A notorious crypto hacker’s wife — who rapped under the name Razzlekhan and styled herself as the “Crocodile of Wall Street” — was sentenced to 18 months in prison on Monday for helping her husband launder stolen bitcoin now worth $10 billion.
Heather Morgan, 34, was handed the sentence by a federal judge in Washington, DC – just days after her spouse, Ilya Lichtenstein, got five years in prison for swiping 119,754 bitcoin from the Bitfinex cryptocurrency exchange in 2016.
Morgan and Lichtenstein both pleaded guilty last year.
Lichtenstein, 35, had claimed Morgan wasn’t involved in the hack, but only helped hide the stolen bitcoin.
At Morgan’s urging, he agreed to cooperate with authorities on other cases of stolen cryptocurrency in exchange for reduced sentences for both of them.
Morgan and Lichtenstein engineered a complex scheme to launder stolen cryptocurrency using fictitious names and moving the funds in small increments so as not to arouse suspicion, according to court records.

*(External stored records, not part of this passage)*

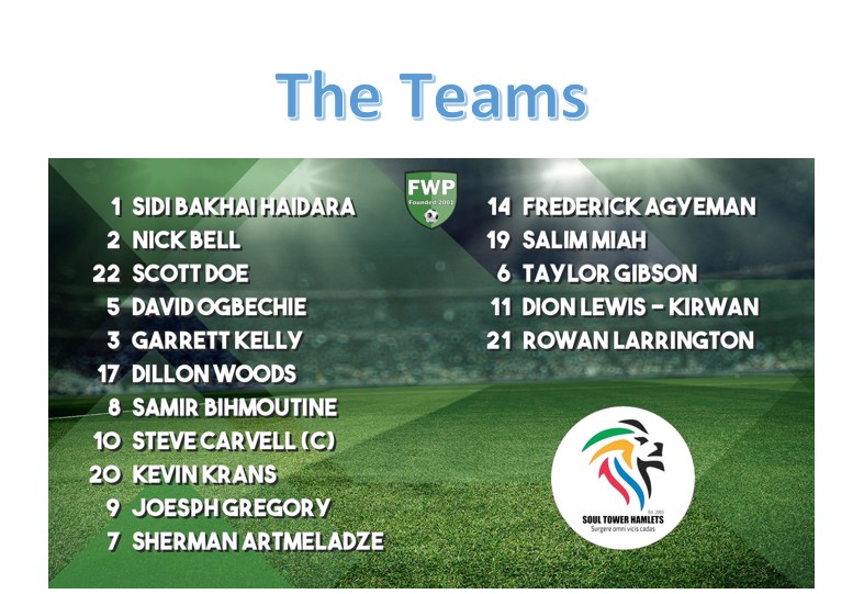 At this point, apologies if I get any names wrong, as it was very difficult to identify players under the Mile End Stadium lights. However, I could see that SOUL were having most of the chances, and Dom was now having to make saves to keep it at 1-0. Artmeladze and Carvell went close and SOUL thought they had gone two up (as did many people, especially the stadium announcer!) when another ball over the top saw one SOUL player who I couldn’t make out (Gregory?) and Artmeladze through and Sheri scored, but it was very tight, but IMHO and the officials, just offside.
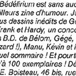 Zine BD et délires en 1984 et 1985 pour 3 numéros en A4 et en provenance d'Angers. Des interviews d'auteurs confirmés (Janin, Edika, Peeters...) et des planches d'auteurs plus ou moins jeunes et plus ou moins reconnus (Bélom, Rouzé...) Et des dédicaces (Margerin, Jano...), ainsi qu'une non interview de Gotlib en cover du dernier n°...
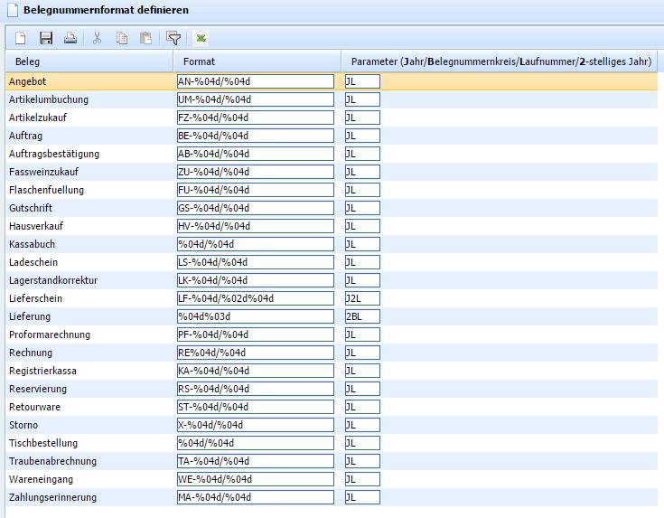 Mit Hilfe der Funktion können Sie das Format der Belegnummer pro Belegart definieren. Verwenden Sie dazu die Spalte Format und Parameter. Zur Erklärung der Syntax wenden Sie sich bitte an einem Mitarbeiter des Kellerbuch-Teams.

The two were arrested at their luxury high-rise apartment on Wall Street in February 2022 – when the stolen bitcoin was worth $71 million.

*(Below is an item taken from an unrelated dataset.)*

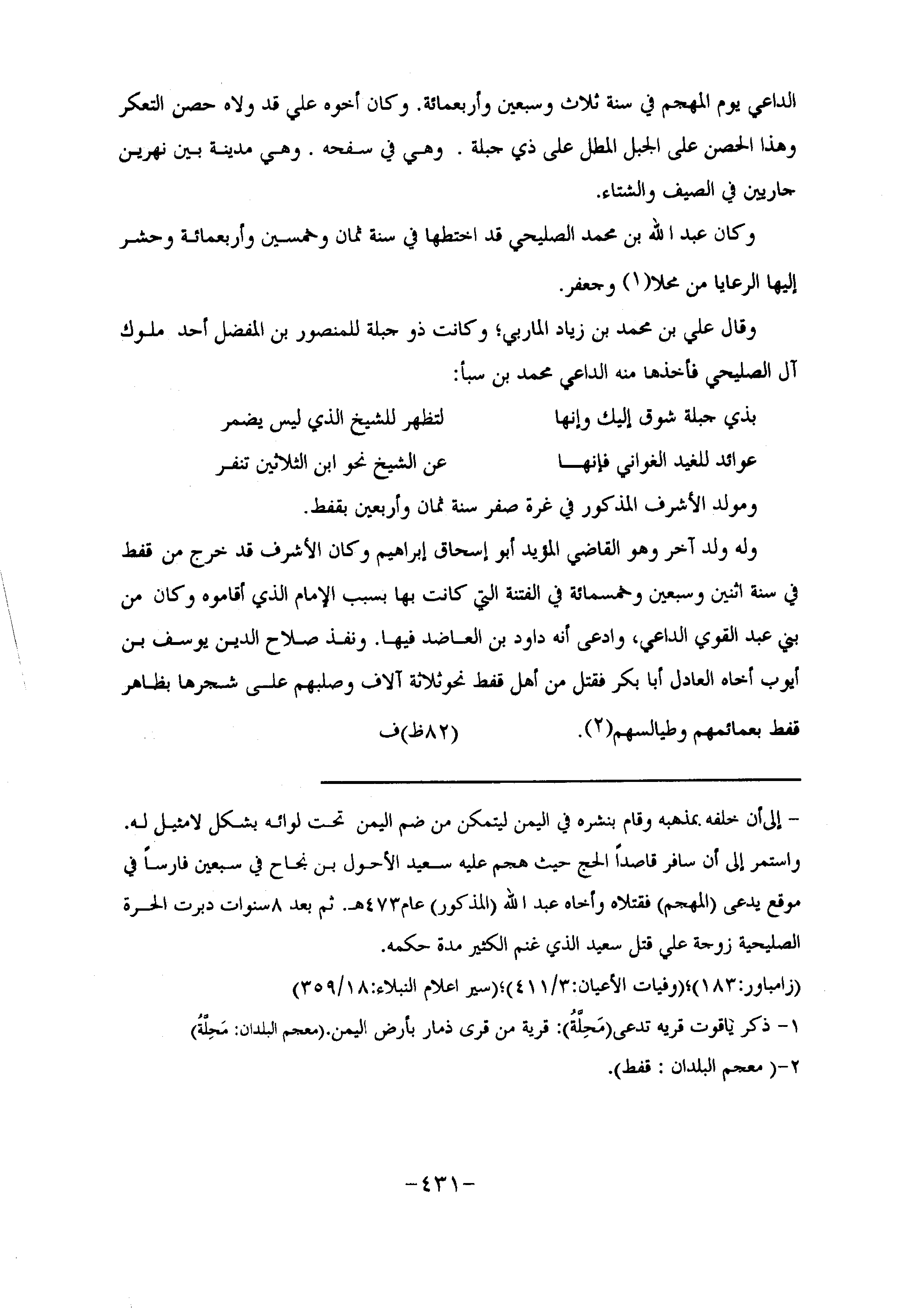 وقال علي بن محمد بن زياد الماربي؛ وكانت ذو جبلة للمنصور بن المفضل أحد ملوك آل الصليحي فأخذها منه الداعي محمد بن سبأ:

The digital currency has soared in recent weeks to all-time highs – meaning that the loot today would be worth more than $10 billion dollars.

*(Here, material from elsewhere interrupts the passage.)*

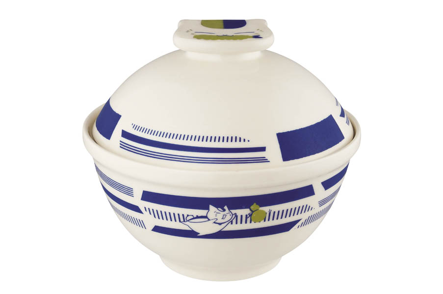 ニャンコ先生をモチーフにした、オリジナル形状の蓋付きどんぶり。食いしんぼうのニャンコ先生にちなんだ、大きめサイズで、最後のくじを引くとその場でもらえます。
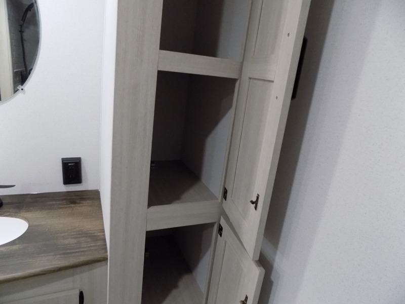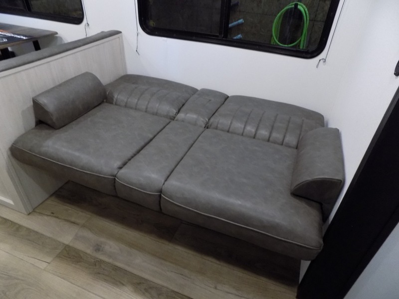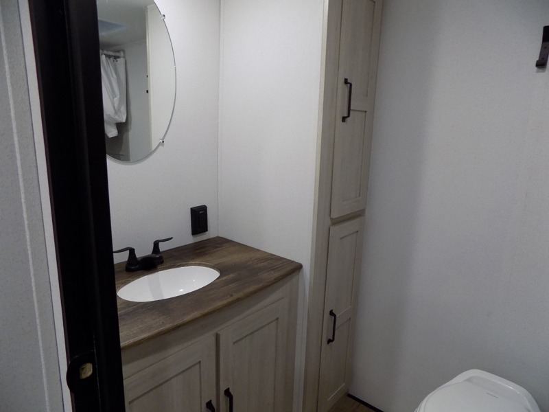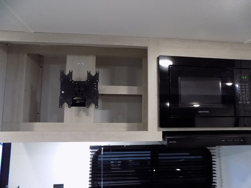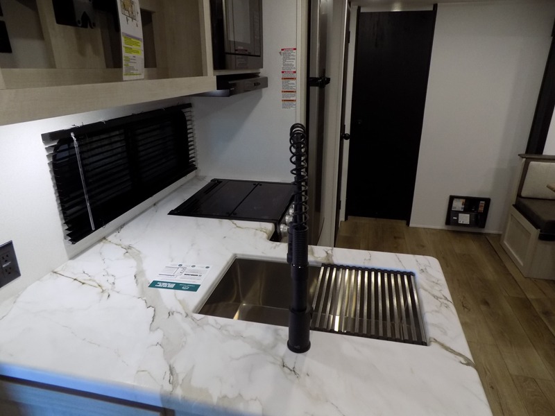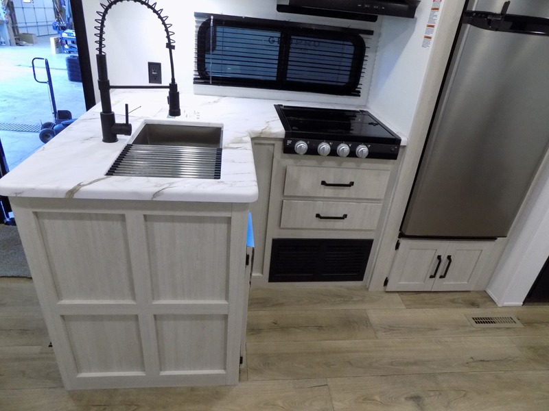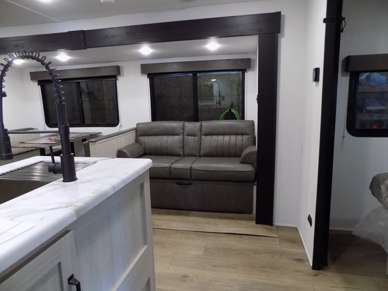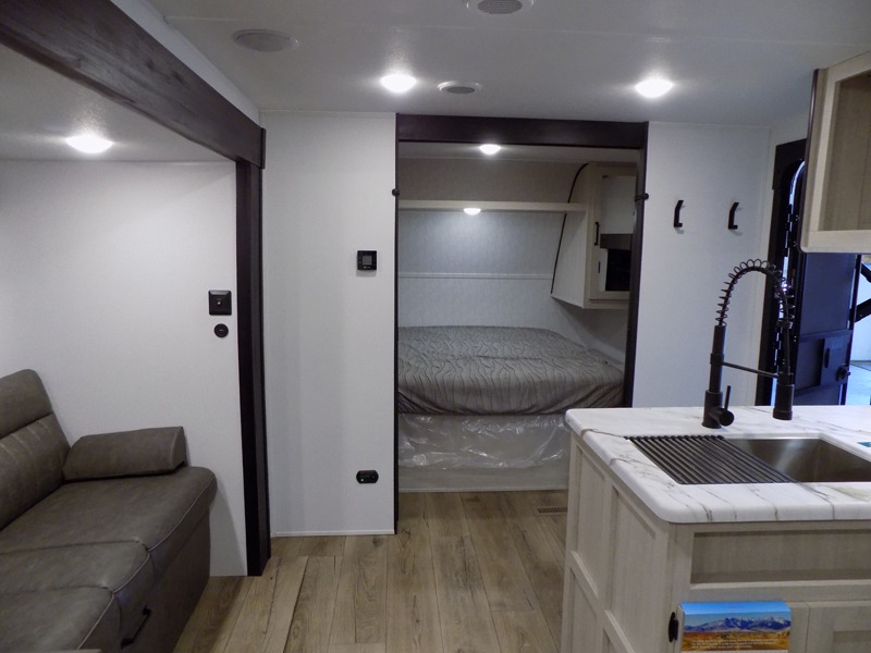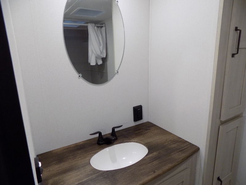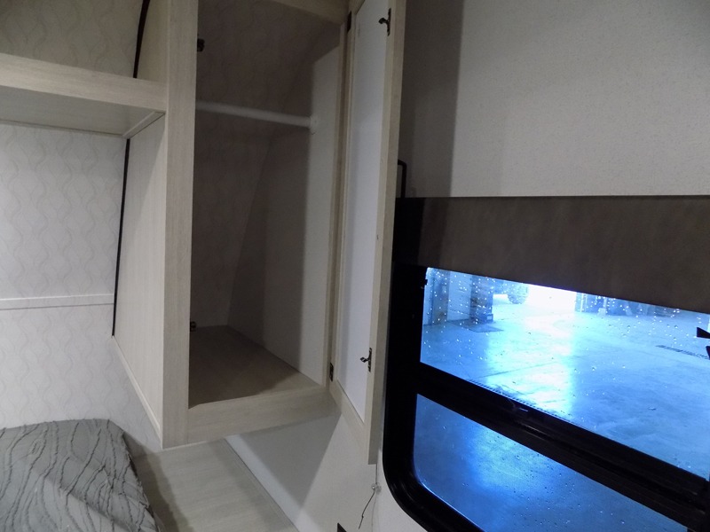 Wherever you decide to camp, you can be sure to have a great time in this rear bath travel trailer! The combined kitchen and living area is made spacious thanks to the large slide out. Here, you can relax on the sofa and dine at the booth dinette, and an optional TV can be added if you want the option for movie night. The full kitchen will allow you to make meals each day, and you can choose to add the optional outside mini kitchen with a grill if you want to cook with fresh air. This unit also includes a front private bedroom, complete with an RV queen bed, an overhead shelf and dual shirt closets to keep clothes wrinkle-free.

Prosecutors alleged that the “bitcoin Bonnie and Clyde” laundered 21% of the coins that they stole from the Hong Kong-based exchange.
At his sentencing last week, Lichtenstein expressed remorse for “wasting my talents on crime instead of a positive contribution to society”
He got credit for the two years and nine months that he has spent in jail since his February 2022 arrest.
Lichtenstein had pleaded with the judge to spare his wife from having to go to prison, blaming himself for her involvement.
“I want to take full responsibility for my actions and make amends any way I can,” said Lichtenstein, adding he hopes that he can apply his expertise to fight cybercrime when he gets out of prison..
Lichtenstein said he told his wife about the hack about three years later, but he initially solicited her help in laundering the proceeds “without explaining exactly what he was doing,” according to prosecutors.
Morgan “was certainly a willing participant and bears full responsibility for her actions, but she was a lower-level participant,” prosecutors wrote.
“Neither the hack nor the laundering scheme was an impulsive decision. The defendant (Lichtenstein) spent months attempting to gain access to Bitfinex’s infrastructure and get the accesses and permissions he needed in order to orchestrate his hack.”